Parents' sleep doesn't recover for years after having a baby, study finds
New parents know all too well how rare a good night's sleep becomes after a baby arrives. Middle-of-the-night feedings and pre-dawn wake-ups take their toll. Now researchers have calculated just how great a toll it really is.
A recent study, published by Oxford University Press on behalf of the Sleep Research Society, found sleep satisfaction and duration sharply declined with childbirth, reaching the lowest point during the first three months after having a baby. And even six years later, parents' sleep still hadn't fully recovered.
Both sleep satisfaction and duration were much lower for new moms than for dads. Women saw an average sleep reduction of 62 minutes a night, compared to men, who got about 13 minutes less sleep, according to the study. Breastfeeding was associated with a slightly greater decrease in moms' sleep satisfaction.
Six years after birth, moms still slept 20 minutes less and dads slept 15 minutes less than before the baby arrived.

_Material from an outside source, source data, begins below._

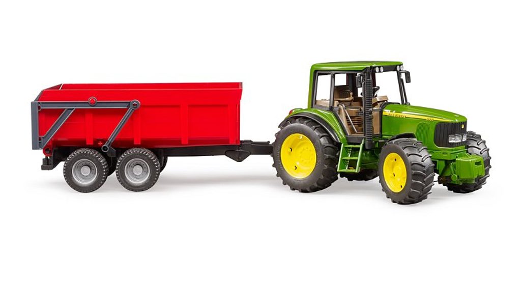 John Deere 6920 je výkonný a spolehlivý zemědělský nástroj. Kapota motoru se dá otevřít a odhalíte tak blok motoru. Terénní přední náprava může být řízena buď přímo prostřednictvím pohyblivého volantu v kabině nebo prodloužením volantu, které mohou děti připojit k pohyblivému volantu přes posuvnou střechu v kabině. Korba přívěsu se sklopí a zadní víko se automaticky otevře. Připojte táhlo a použijte nástroj pro vypouštění zrn. Obsahuje: 1 x traktor s vlekem. Měřítko: 1:16. Vyrobeno z vysoce kvalitních plastů. Věk: 3+
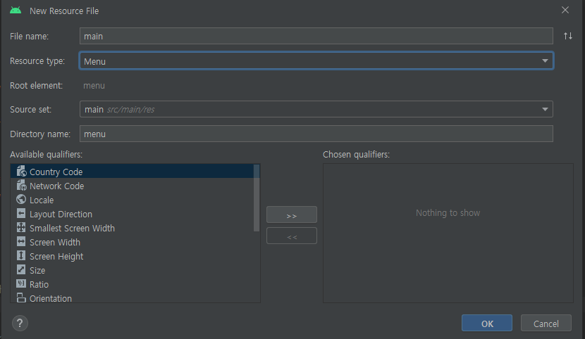 1. res 파일에 New - Android Resource File 을 선택한다.
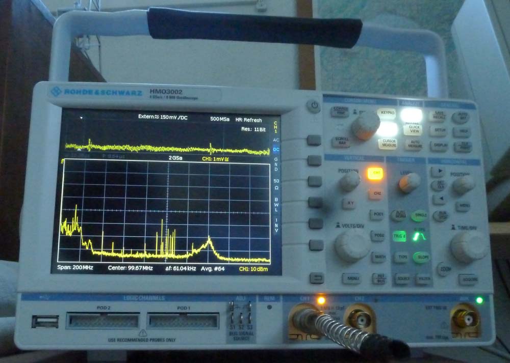 Wie bei fast allen Digital-Oszis gibt es auch hier eine FFT-Funktion, die ganz nützlich ist, hier als Beispiel das Spektrum von 0..200MHz mit einer kleinen Antenne. Man sieht schön die EMV-Verseuchung unterhalb etwa 40MHz, die UKW-Rundfunksender und eine weitere EMV-Verseuchung um 140MHz.
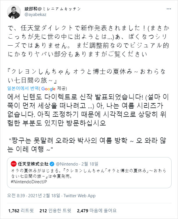 그리고 게이머 입장에서 좀 더 깊게 파고 보면 아래와 같은 이유도 있습니다.1. <나의 여름방학> 시리즈 핵심 개발자 '아야베 카즈'가 개발에 참여
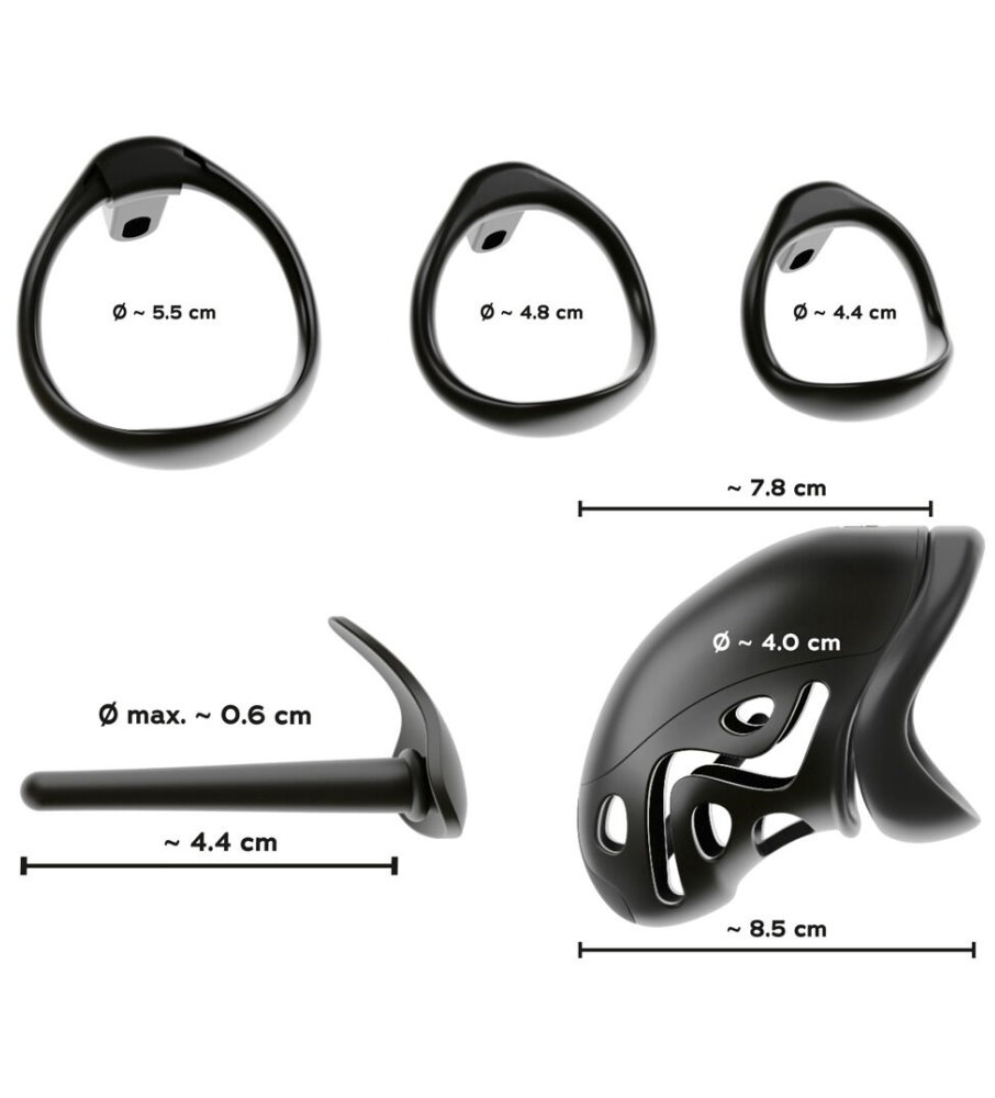 Cage de Chasteté Anatomique avec Dilatateur et 3 Anneaux
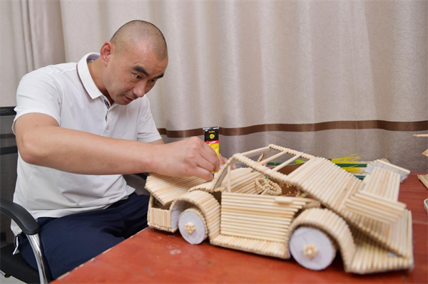 編制了一段時(shí)間的小手鏈、小掛件、小燈籠等等小工藝品后,楊波購買了一次性筷子自己做了一個(gè)煙盒。這個(gè)煙盒只要一按按鈕,煙支就會(huì)自動(dòng)彈出,而且煙嘴朝上。隨后,楊波又購買了許多一次性筷子,做一輛轎車模型,不曾想,等到了安裝擋風(fēng)玻璃時(shí),小轎車散架了。分析原因,是因?yàn)閳A柱狀筷子之間的粘和面積太小不牢靠。楊波找了一些紙板當(dāng)墊板,使筷子的粘和面變成2處,牢固程度提高1倍,前前后后有10多天,一輛筷子車模做成功了。

"While having children is a major source of joy for most parents it is possible that increased demands and responsibilities associated with the role as a parent lead to shorter sleep and decreased sleep quality even up to 6 years after birth of the first child," study co-author Dr. Sakari Lemola, from the Department of Psychology at the University of Warwick, said in a press release.
Factors such as "age, household income, and dual vs. single parenting were unrelated, or only very weakly related, to improved sleep," the researchers wrote in the study.
So before you welcome that little bundle of joy, brace yourself: you may still be somewhat sleep deprived when they're in first grade.